为什么在tasklet_action()函数中调用BUG？

Question

static void tasklet_action(struct softirq_action *a)
{
    // ...

    while (list) {
        struct tasklet_struct *t = list;

        list = list->next;

        if (tasklet_trylock(t)) {
            if (!atomic_read(&t->count)) {
                if (!test_and_clear_bit(TASKLET_STATE_SCHED,
                            &t->state))
                    BUG();

                // ...
    }
}

我所理解的是，如果一个微线程已经被调度，那么这段代码会抛出一个BUG()。
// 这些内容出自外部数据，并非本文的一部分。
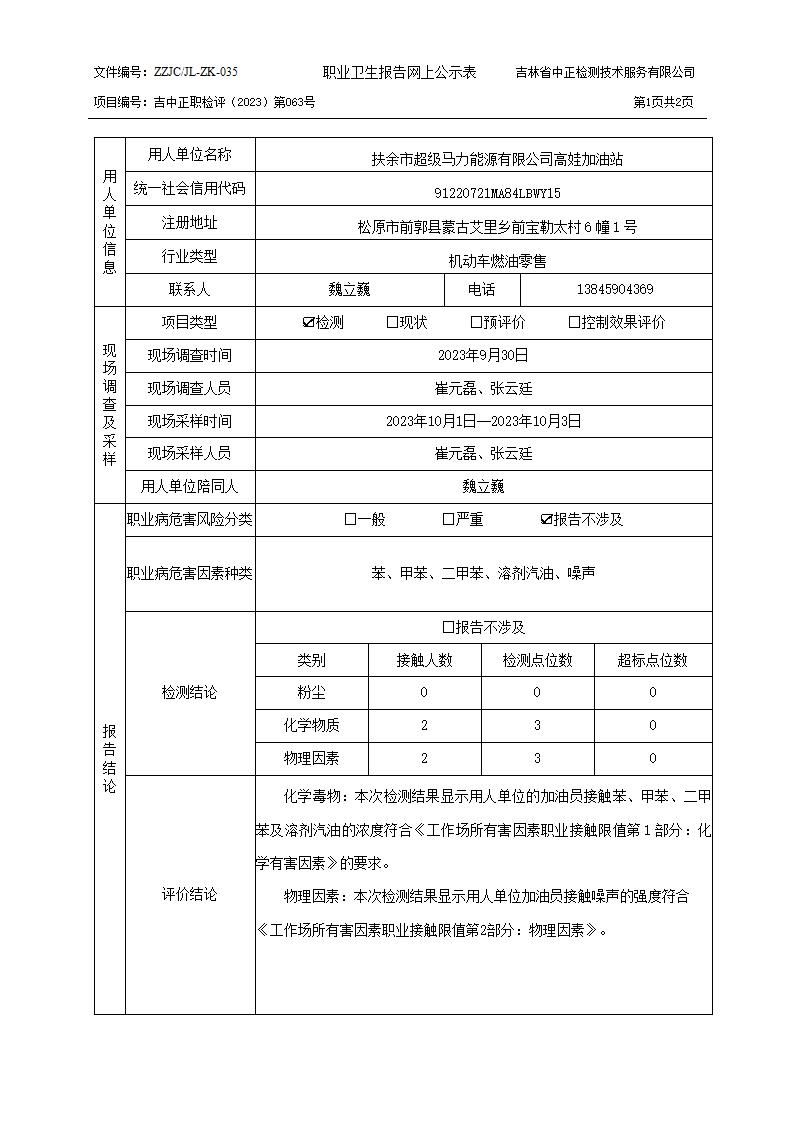 检测063_扶余市超级马力能源有限公司高娃加油站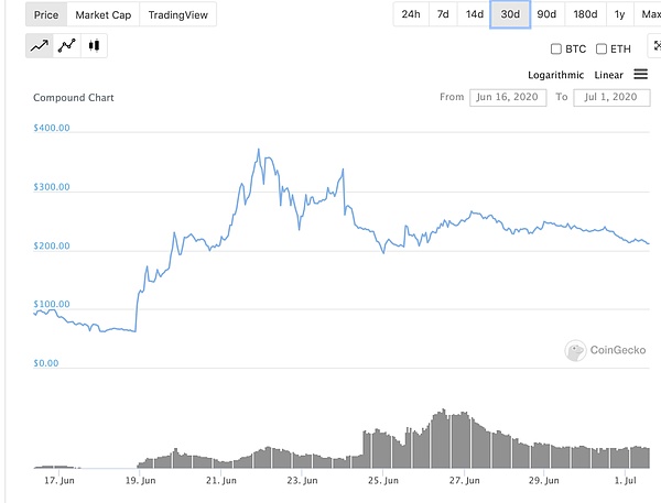 这是因为前几日看到一样新玩意儿——所谓治理通证的COMP。对区块链的基客(geek)来说,6月15日COMP上链交易可谓一件盛事,短短几天,这款虚拟币的交易价格就翻了几番。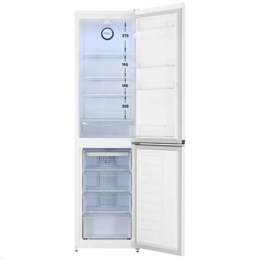 Количество камер: двухкамерный; Объем: общий 335 л; Морозильная камера: снизу, размораживание No Frost; Количество компрессоров: один; Класс энергопотребления: A; Размеры (ШхВхГ): 54 х 201 х 60 см; Цвет: белый
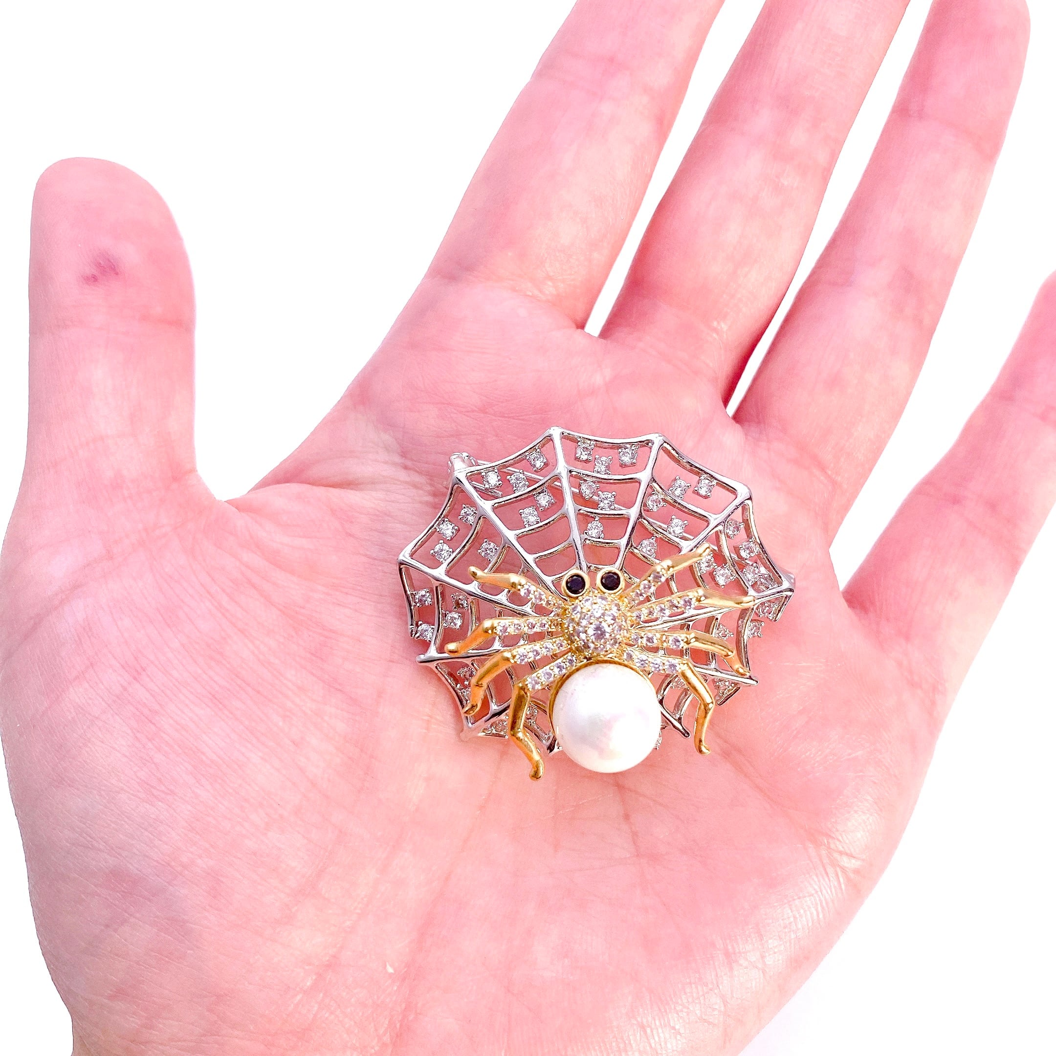 立派な巣に住むクモのブローチです。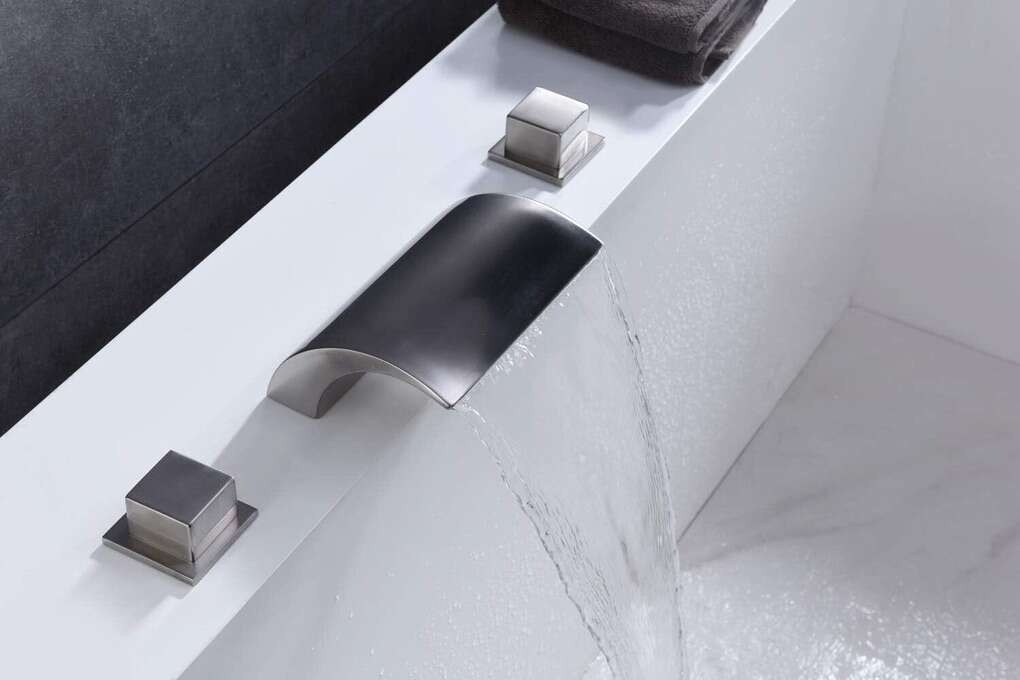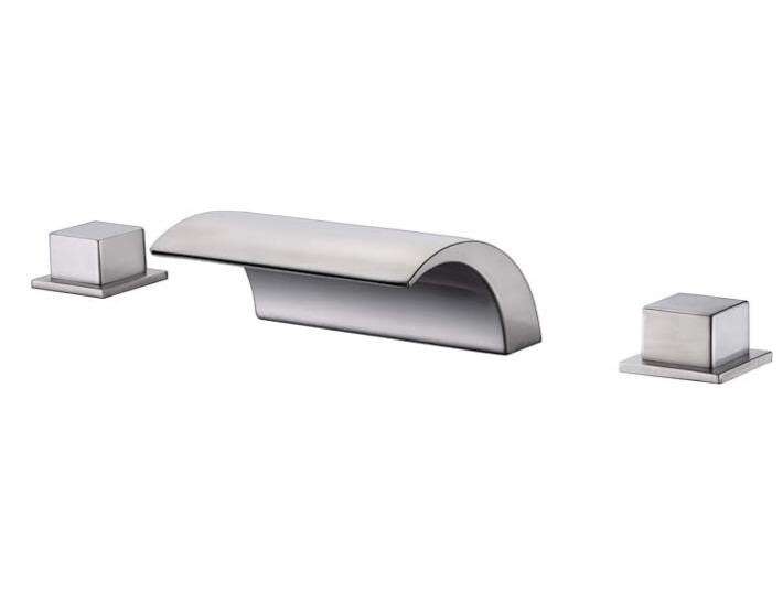 Roman tub faucets brushed nickel with wide spout features dramatic waterfall effect; Solid Brass valve body constructed with metal handles for durability. Contains drip-free MS ceramic cartridge. Tested to be drip free after 600,000 use; Recomended installation holes distance: 6 to 7. 1111-1/27/25

这是否意味着同一个微线程既不能同时运行，也不能被调度？

Answer 1

这只是对微线程的一个有保证的属性进行的健全性检查。您可以查看a comment in include/linux/interrupt.h中列出的微线程的属性

   Properties:
   * If tasklet_schedule() is called, then tasklet is guaranteed
     to be executed on some cpu at least once after this.
   * If the tasklet is already scheduled, but its execution is still not
     started, it will be executed only once.
   * If this tasklet is already running on another CPU (or schedule is called
     from tasklet itself), it is rescheduled for later.
   * Tasklet is strictly serialized wrt itself, but not
     wrt another tasklets. If client needs some intertask synchronization,
     he makes it with spinlocks.

根据定义，微线程保证在调度后至少运行一次。这段代码：

    if (!atomic_read(&t->count)) {
        if (!test_and_clear_bit(TASKLET_STATE_SCHED,
                    &t->state))
            BUG();

确保此属性有效，否则会出现错误，并使用BUG()停止执行并导致运行时死机。

以下是上述代码的注释版本，以使其更清晰：

    // If the tasklet never ran (t->count == 0)
    if (!atomic_read(&t->count)) {
        // And the tasklet is not scheduled for running (bit TASKLET_STATE_SCHED of t->state is 0)
        if (!test_and_clear_bit(TASKLET_STATE_SCHED,
                    &t->state))
            // There's something wrong, this should never happen!
            BUG();

换句话说，你不能在t->count == 0和t->state & (1<<TASKLET_STATE_SCHED) == 0中使用微线程。如果发生这种情况，则存在错误。